The natives make incisions in the trees with a knife, and
the incense flows down. This incense is carefully watched, and can be
taken only to Dhafar, where the Sultan keeps the best part for himself;
the rest is made over to the people. But any one who should carry it
elsewhere than to Dhafar would be put to death."
The elder Niebuhr seems to have been the first to disparage the Arabian
produce of olibanum. He recognises indeed its ancient celebrity, and the
fact that it was still to some extent exported from Dhafar and other
places on this coast, but he says that the Arabs preferred foreign kinds
of incense, especially benzoin; and also repeatedly speaks of the
superiority of that from India (des Indes and de l'Inde), by which it
is probable that he meant the same thing - viz., benzoin from the Indian
Archipelago.
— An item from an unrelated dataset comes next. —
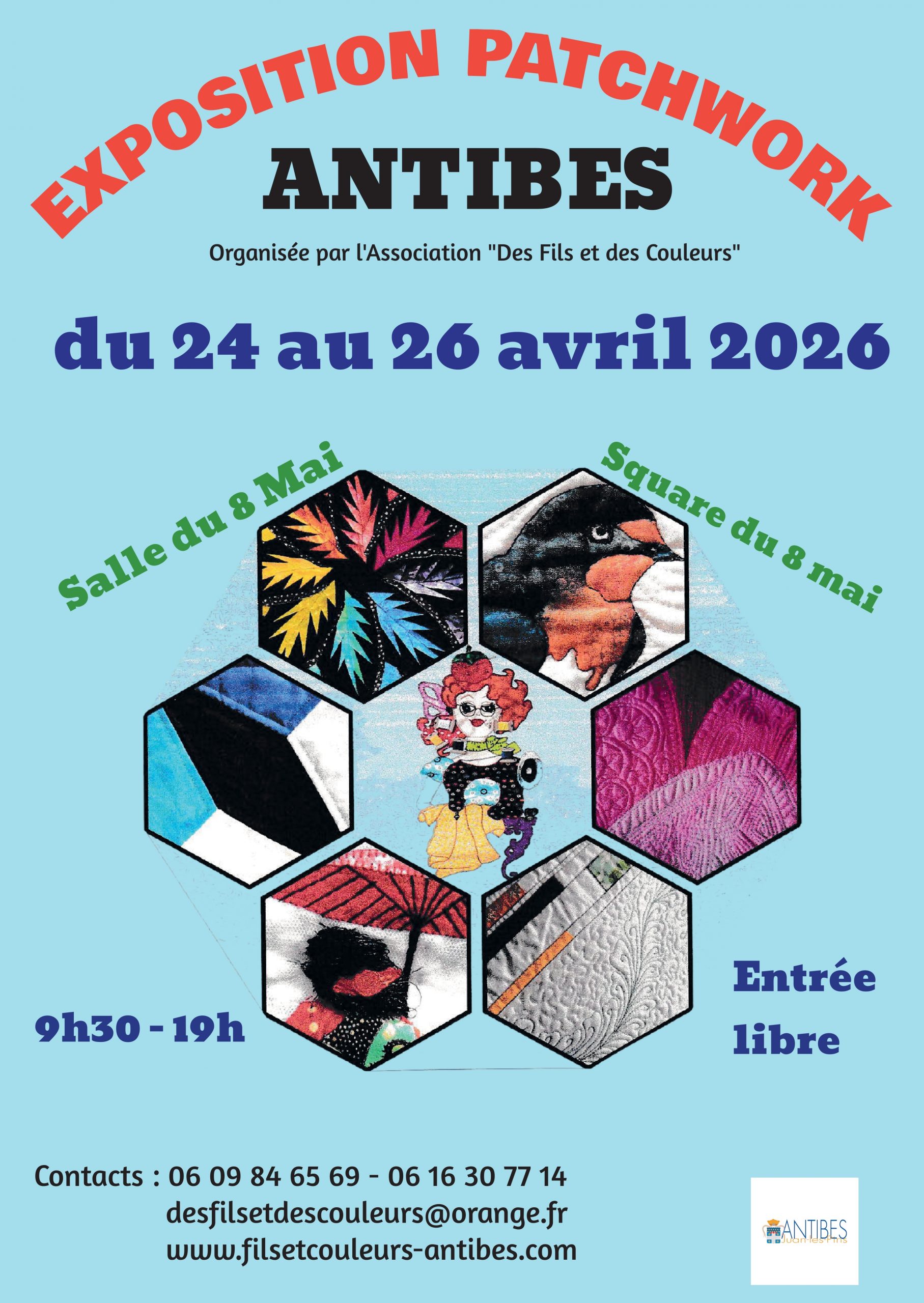 L’association «Des Fils et des Couleurs» organise tous les 2 ans une exposition de patchwork à Antibes, l’occasion d’admirer des patchworks traditionnels, contemporains et innovants, ainsi que des créations plus artistiques des membres de notre association. Prochain rendez-vous: du 24 au 26 avril 2026

Niebuhr did not himself visit Hadhramaut.
Thus the fame of Arabian olibanum was dying away, and so was our knowledge
of that and the opposite African coast, when Colebrooke (1807) published
his Essay on Olibanum, in which he showed that a gum-resin, identical as
he considered with frankincense, and so named (Kundur), was used in
India, and was the produce of an indigenous tree, Boswellia serrata of
Roxburgh, but thereafter known as B. thurifera.